◆ WORK INSTRUCTION
Write each line out exactly, from the one containing "The master bedroom" through the final line of the data, and keep pictures out of the copy.

◆ THE RECORDS
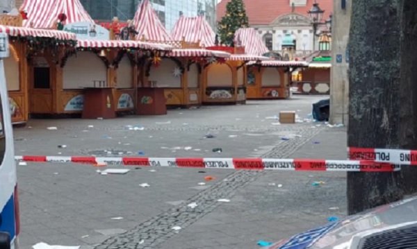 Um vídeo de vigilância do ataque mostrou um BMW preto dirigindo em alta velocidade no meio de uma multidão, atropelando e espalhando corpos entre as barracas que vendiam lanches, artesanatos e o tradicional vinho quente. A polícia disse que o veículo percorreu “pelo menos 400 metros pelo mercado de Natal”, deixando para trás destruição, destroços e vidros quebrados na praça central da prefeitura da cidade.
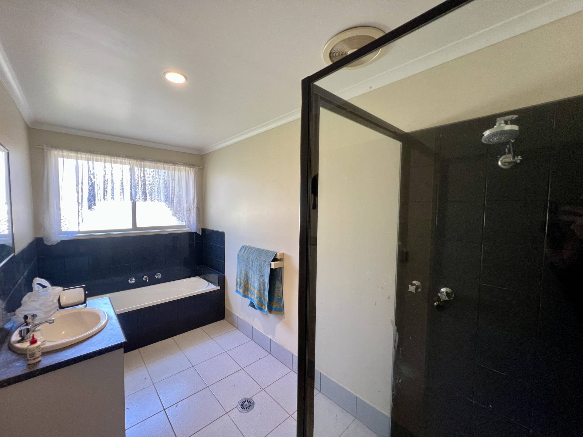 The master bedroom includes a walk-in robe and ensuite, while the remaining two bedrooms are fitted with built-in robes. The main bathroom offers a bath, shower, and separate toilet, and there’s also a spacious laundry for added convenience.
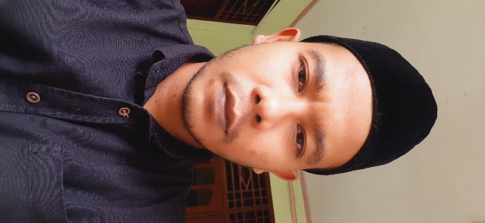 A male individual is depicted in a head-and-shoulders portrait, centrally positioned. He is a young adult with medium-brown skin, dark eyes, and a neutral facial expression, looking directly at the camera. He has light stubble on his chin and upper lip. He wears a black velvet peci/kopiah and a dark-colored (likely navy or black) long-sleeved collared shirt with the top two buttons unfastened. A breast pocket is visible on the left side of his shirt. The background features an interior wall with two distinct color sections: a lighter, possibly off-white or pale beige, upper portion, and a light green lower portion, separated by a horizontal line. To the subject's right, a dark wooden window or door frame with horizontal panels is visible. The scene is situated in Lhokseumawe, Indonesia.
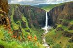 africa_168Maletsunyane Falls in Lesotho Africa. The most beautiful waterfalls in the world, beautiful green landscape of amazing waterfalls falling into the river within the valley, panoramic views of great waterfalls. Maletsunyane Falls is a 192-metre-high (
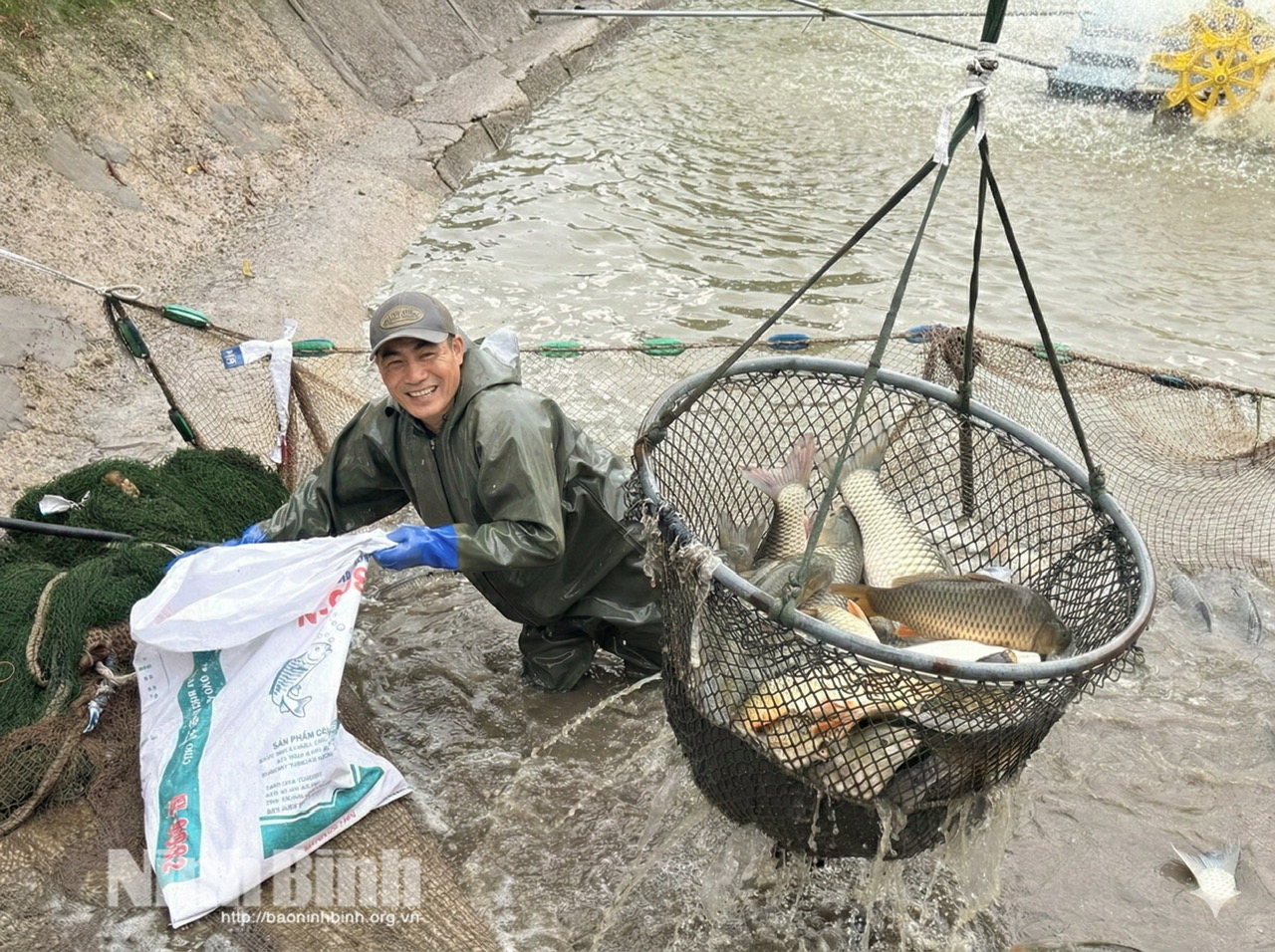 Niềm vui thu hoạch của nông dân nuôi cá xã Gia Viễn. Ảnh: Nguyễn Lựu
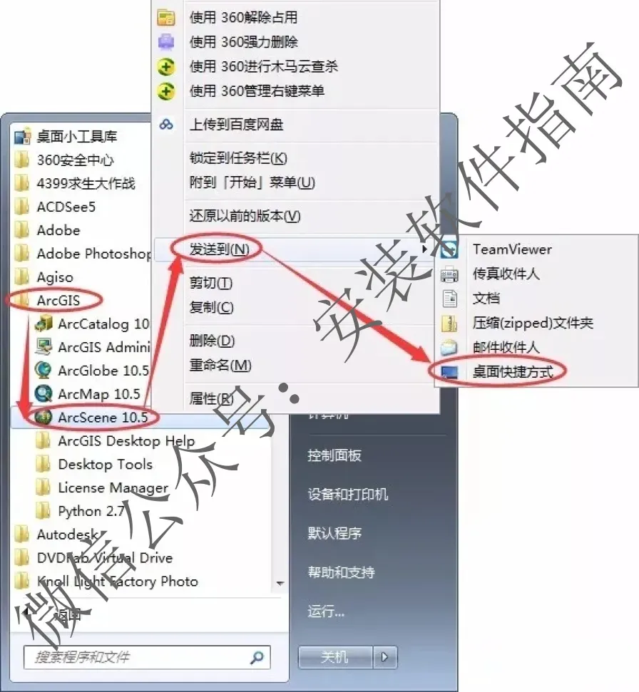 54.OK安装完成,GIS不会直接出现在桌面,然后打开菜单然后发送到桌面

◆ TASK ANSWER
 The master bedroom includes a walk-in robe and ensuite, while the remaining two bedrooms are fitted with built-in robes. The main bathroom offers a bath, shower, and separate toilet, and there’s also a spacious laundry for added convenience.
 A male individual is depicted in a head-and-shoulders portrait, centrally positioned. He is a young adult with medium-brown skin, dark eyes, and a neutral facial expression, looking directly at the camera. He has light stubble on his chin and upper lip. He wears a black velvet peci/kopiah and a dark-colored (likely navy or black) long-sleeved collared shirt with the top two buttons unfastened. A breast pocket is visible on the left side of his shirt. The background features an interior wall with two distinct color sections: a lighter, possibly off-white or pale beige, upper portion, and a light green lower portion, separated by a horizontal line. To the subject's right, a dark wooden window or door frame with horizontal panels is visible. The scene is situated in Lhokseumawe, Indonesia.
 africa_168Maletsunyane Falls in Lesotho Africa. The most beautiful waterfalls in the world, beautiful green landscape of amazing waterfalls falling into the river within the valley, panoramic views of great waterfalls. Maletsunyane Falls is a 192-metre-high (
 Niềm vui thu hoạch của nông dân nuôi cá xã Gia Viễn. Ảnh: Nguyễn Lựu
 54.OK安装完成,GIS不会直接出现在桌面,然后打开菜单然后发送到桌面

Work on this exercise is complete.